Stored records:
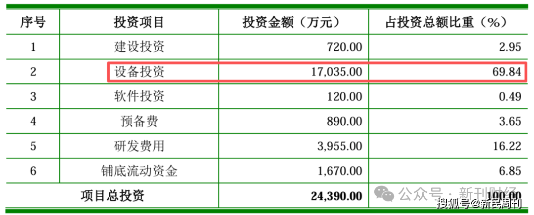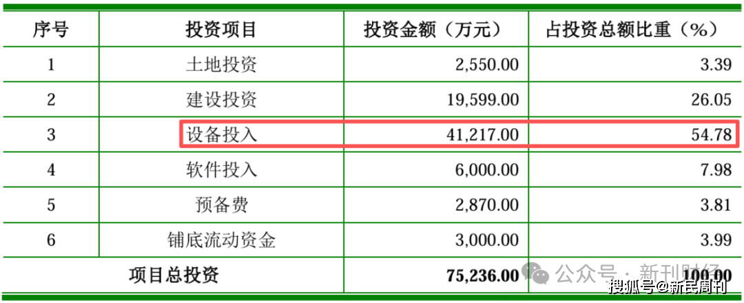 德清石英晶体元器件生产基地建设项目设备投入4.12亿元,占总投资比重的54.78%,折算为占用募集资金金额为1.70亿元,加上另外一个项目设备投资1.70亿元,二者合计为3.4亿元,占募集资金的28%。
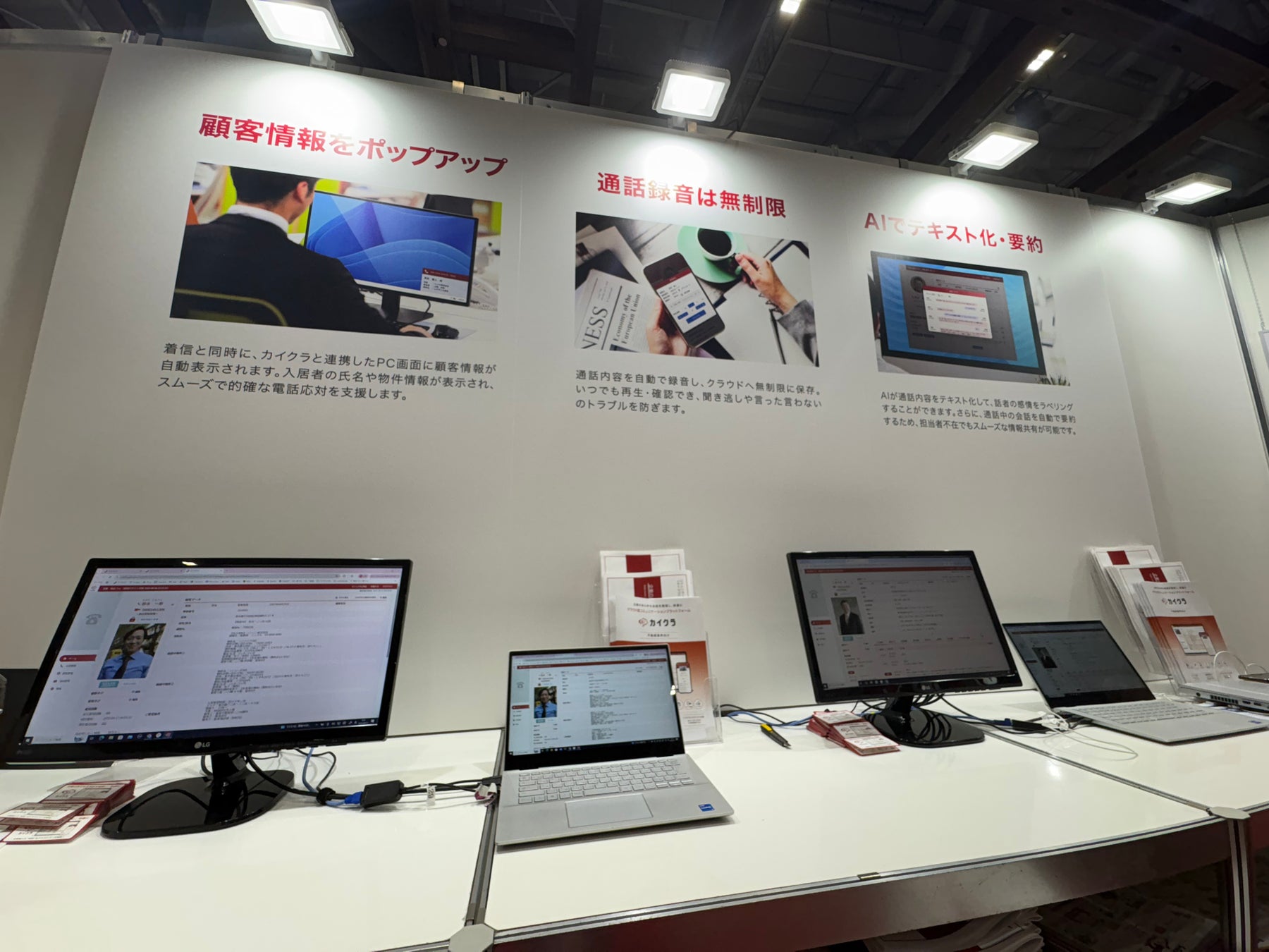 2025年9月17日(水)〜18日(木)の展示会期間中、当社の展示ブースには、特に不動産仲介・管理業の皆様から入居者管理の効率化やオーナー報告業務の改善を求める多くのお客様にご来場いただきました。会場では、カイクラの主要機能であるCTI機能、通話録音、AIによる要約・テキスト化、SMS配信、Web会議機能などをご紹介し、管理業務の現場で実際に起きている顧客対応の課題に対して、どのように解決できるのかを具体的にご案内しました。
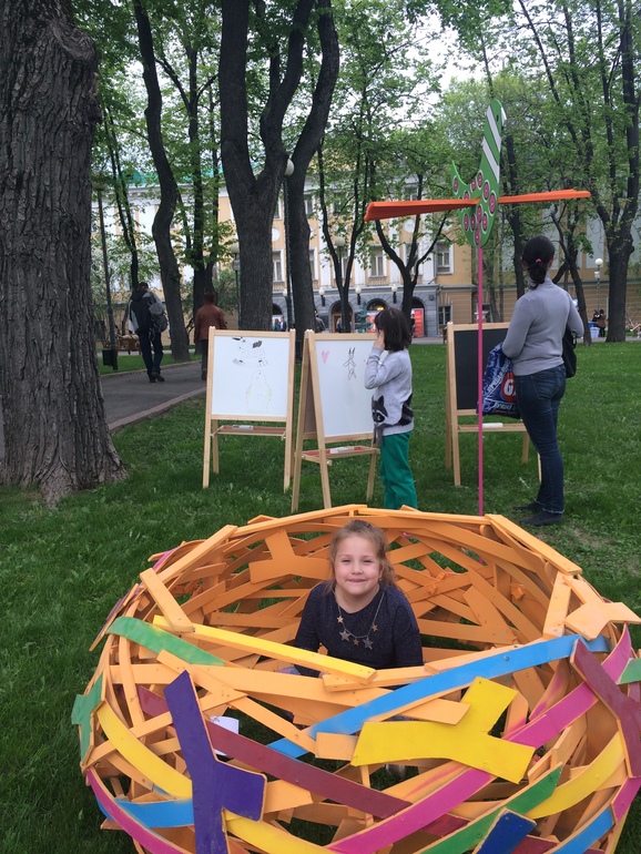 Наигравшись, мы пошли на МК "Лунница" - Эльфик слепила потрясающее украшение из полимерной глины. Как выпрошу поносить - добавлю фото
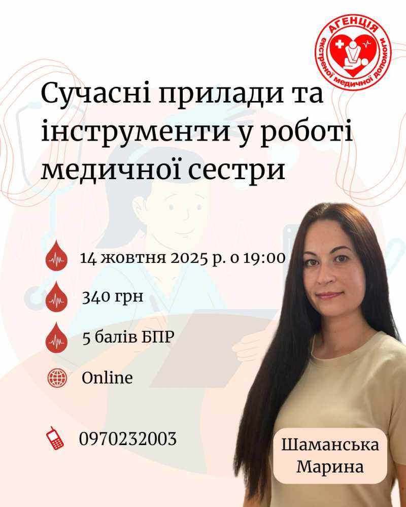 💉 Онлайн майстер-клас «Сучасні прилади та інструменти у роботі медичної сестри»
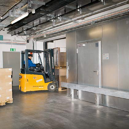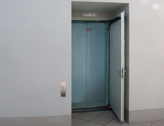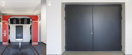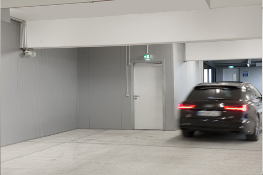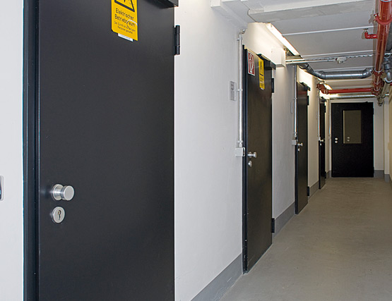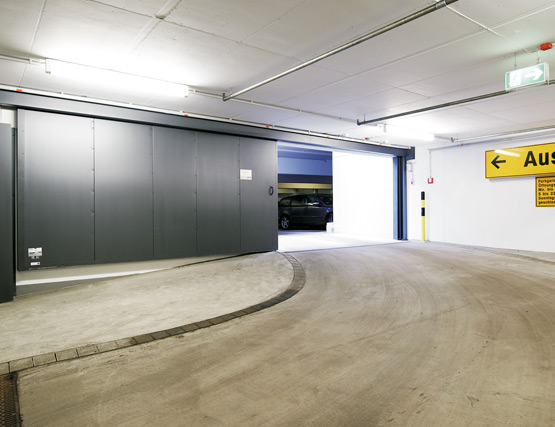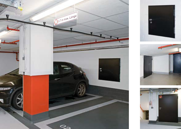 Отделните врати от листова стомана в сутерена също са оборудвани с моторизирано задвижване, за да се осигури достъп до сградата без бариери.
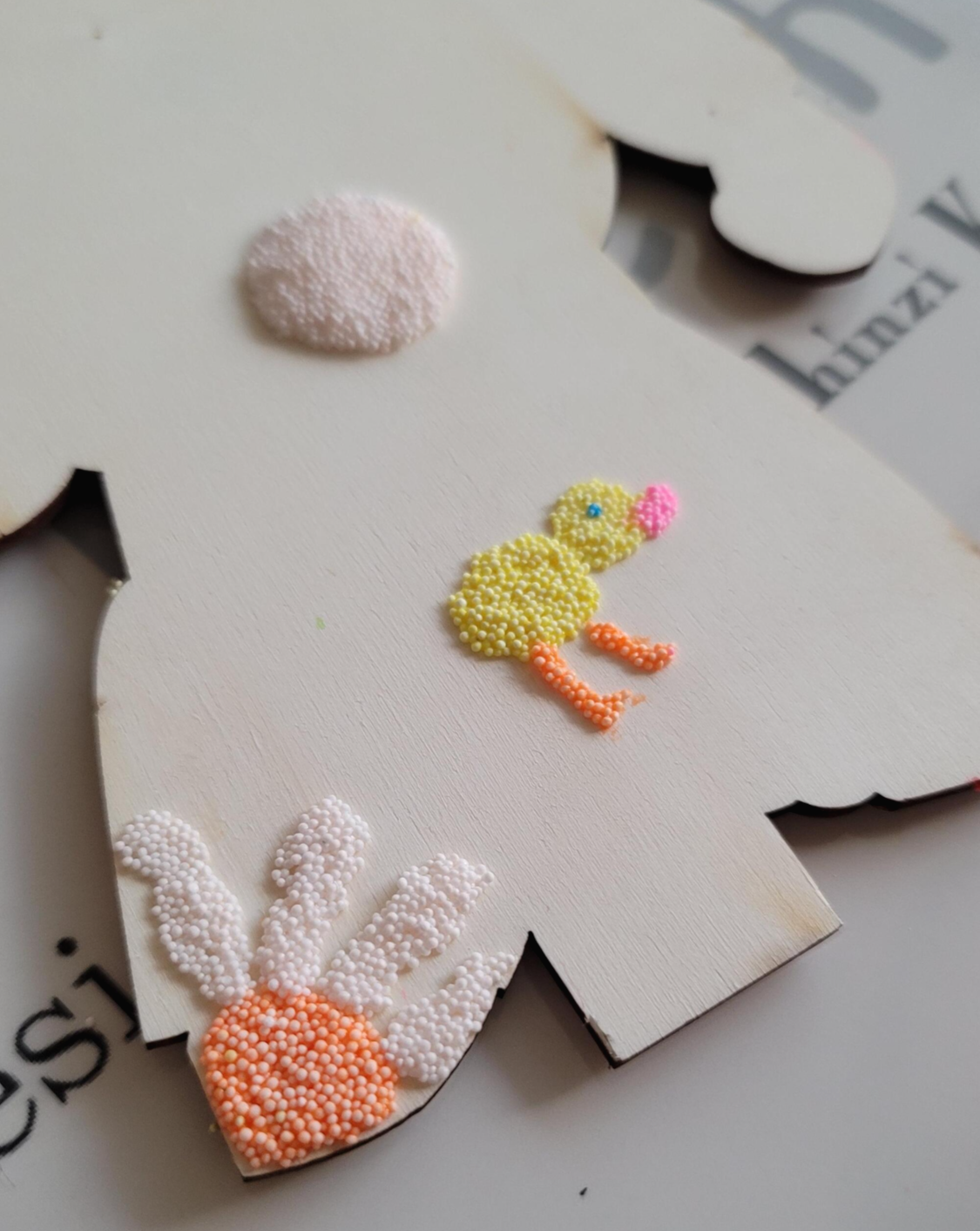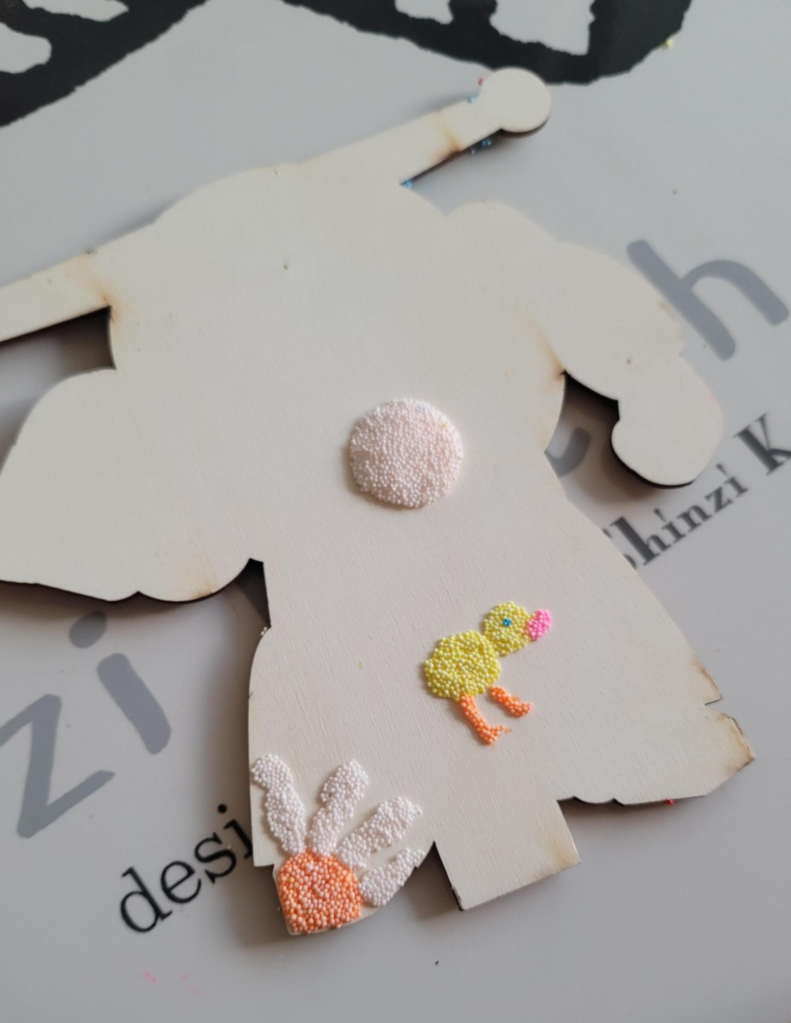 앞면을 다 붙이고 남은 폼클레이 들은 뒷면에 원하는 모양으로 만들어 붙여보기도 합니다. 놀이가 너무 빨리 끝나면 재미가 없으니까요. 제가 구석에 꽃이라고 만들어 붙여놓았는데, 쪼꼬맹이가 보더니 공룡 발가락이랍니다. 다행히도 병아리는 맞췄습니다. 4살 둘째 아이는 색칠을 하는 등 그림을 채우는 것은 잘하는데, 직접 무언갈 만들거나 그려보라고 하면 아직 조금 힘들어합니다. 아직은 어린아이 이기 때문에 이런 기회가 생기면 엄마가 먼저 시범을 보여준답니다.
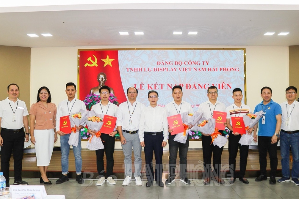 Đại diện lãnh đạo Đảng ủy Khu kinh tế Hải Phòng trao quyết định và tặng hoa chúc mừng các đảng viên mới thuộc Đảng bộ Công ty TNHH LG Display Việt Nam Hải Phòng. Ảnh: Lê Hiệp
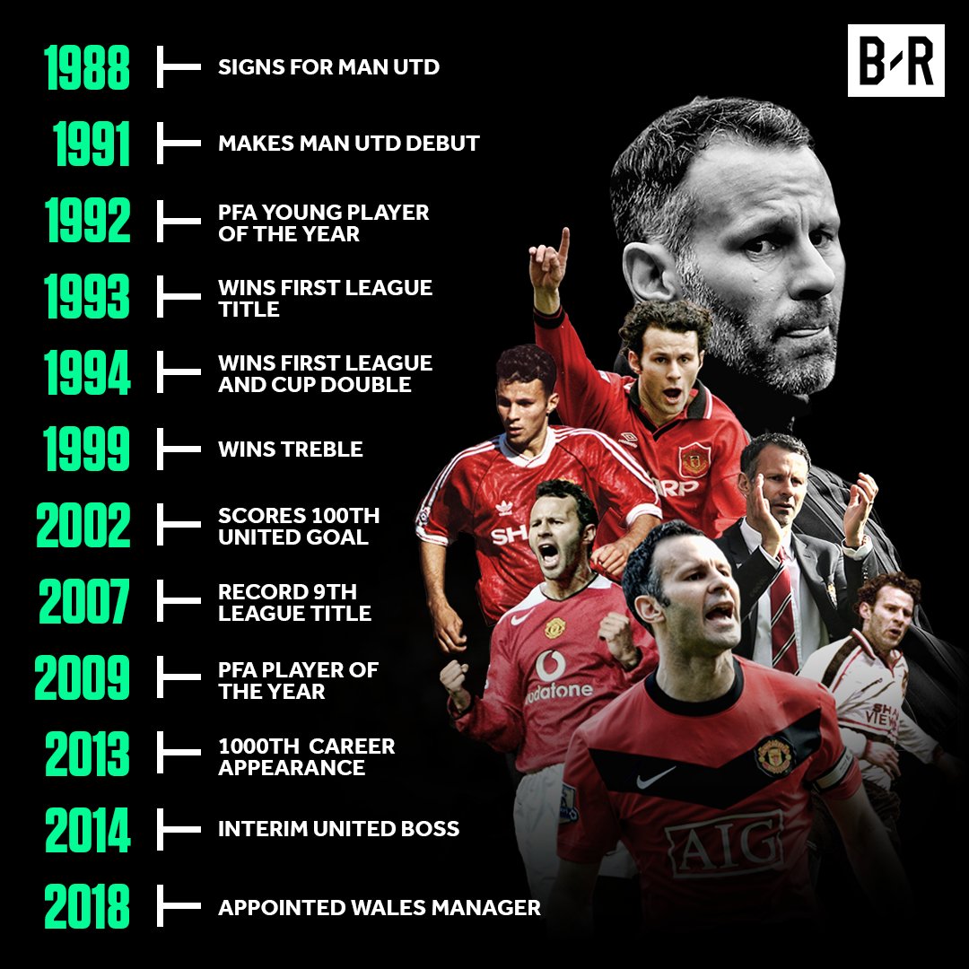 Валлийский полузащитник провёл 896 матчей за "красных дьяволов", забил 155 голов и сделал 158 ассистов.
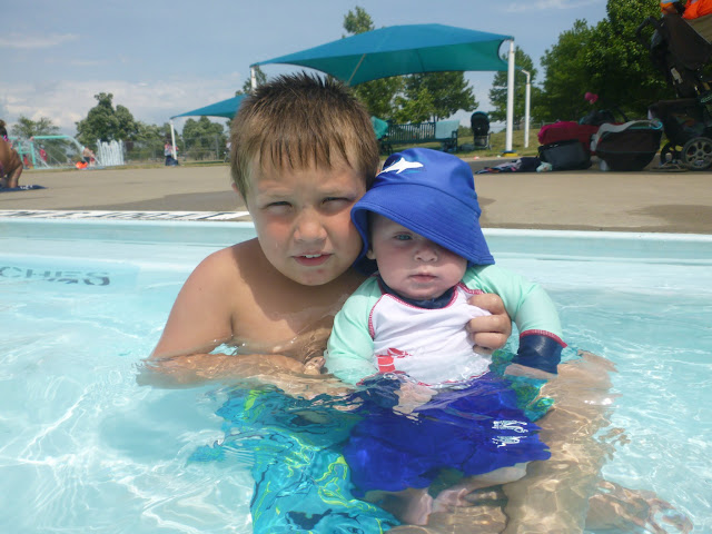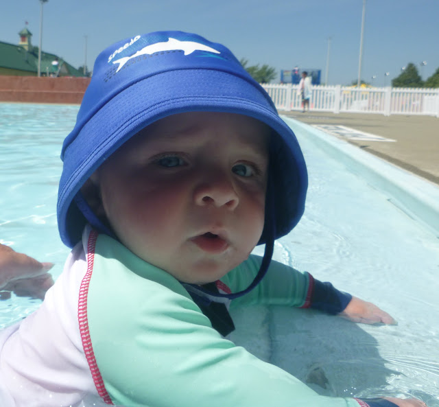 I love the water. I love that he kicks his feet like he's really swimming. only problem , he wants to put his face in and then he gets mad. Maybe an Olympic swimmer when he gets older......

(Problem):
Could you return each line, unchanged, from the line containing "Валлийский полузащитник провёл" through the last line of the entries above, leaving out the pictures?

(Exercise solution):
 Валлийский полузащитник провёл 896 матчей за "красных дьяволов", забил 155 голов и сделал 158 ассистов.
 I love the water. I love that he kicks his feet like he's really swimming. only problem , he wants to put his face in and then he gets mad. Maybe an Olympic swimmer when he gets older......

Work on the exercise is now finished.